Chapter 5: Adversarial Search

Réussis tes devoirs et examens dès maintenant avec Quizwiz!

ProbCut

A forward pruning version of alpha-beta search that uses statistics gained from prior experience to lessen the chance that the best move will be pruned.

Cutoff-Test(s, d)

A function that evaluates the state (s) and depth (d), and decides whether to cut off search and use Eval. Cuts off search for terminal states, too. d is chosen so that a move is selected within a certain period of time. When time runs out, the program returns the move selected by the deepest search. A more robust approach is to apply iterative deepening.

Terminal Test

A function that is true when a game is over and false otherwise.

Zero-Sum Game

A game where the total payoff to all players is the same for every instance of the game (0+1, 1+0, .5+.5).

Transposition Table

A hash table of previously seen positions. Used to avoid storing transpositions - different permutations of the same move sequence that end up in the same position.

Eval(s)

A heuristic to calculate expected utility of the game from a given state, s. Replaced the Utility function. Most evaluation functions calculate features of the state (i.e., type and # of each chess piece) and either: a.

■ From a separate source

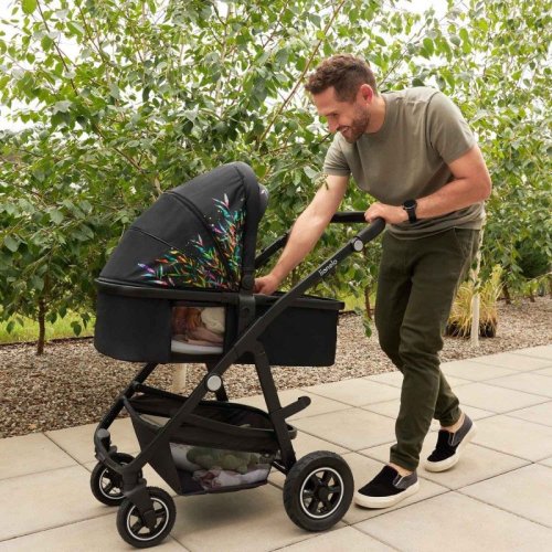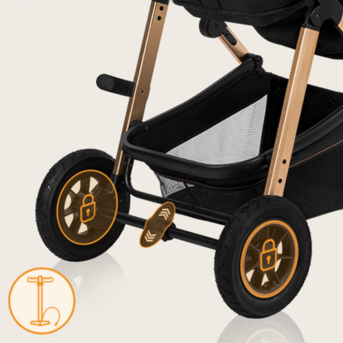 snadná montáž kočárku po i proti směru jízdy, lehký hliníkový rám, výškové nastavení rukojeti, nafukovací kola (přední: 18 cm, zadní: 23 cm) + brzda kol - dvojitý systém redukce vibrací, XXL stříška lemovaná materiálem odrážejícím UV záření chránící před sluncem, deštěm a větrem + okénko na zadní straně pro sledování dítěte, prostorná korbička s pevným madlem ke snadnému přenášení dítěte - po stranách jsou ventilační panely pro správnou cirkulaci vzduchu, kvalitní pohodlná matrace - potah lze sejmout a vyprat, nastavení polohy ve 3 úrovních, nastavení opěrky nohou ve 3 úrovních, prostorný koš, 5ti bodové pásy, snadné skládání do kompaktní velikosti díky "zacvaknutí", vyhovuje evropské bezpečnostní normě EN 1888.

Sorting states with similar features into categories and calculating the expected value of categories for each state b. Using a weighted linear or non-linear function to add up the values of features.

Policy

A mapping from every possible state to the best move in that state. Used in endgame when the search space is reduced.

Chance Node

A node in a game tree that denotes a possible state and the probability of reaching it.

Horizon Effect

A scenario where a program is facing an opponent's move that causes serious damage and is unavoidable, but can be temporarily avoided.

Strategy

A series of moves MAX makes in the initial state and all possible subsequent states. An optimal strategy leads to outcomes at least as good as any other strategy when one is laying an infallible opponent.

Forward Pruning

A strategy where some moves at a given node are pruned immediately without further consideration.

Search Tree

A tree that is superimposed on the full game tree, and examines enough nodes to allow a player to determine what move to make.

Game Tree

A tree where nodes are game states and edges are moves. Can be used to determine the optimal strategy from the minmax value of each node, Minmax(n). Can be defined by the initial state, Actions(s), and Result(s, a).

Beam Search

An approach to forward pruning. On each ply, consider only a "beam" of the n best moves rather than considering all possible moves. Dangerous, as it may prune the best move.

Game

Another term for adversarial search problems.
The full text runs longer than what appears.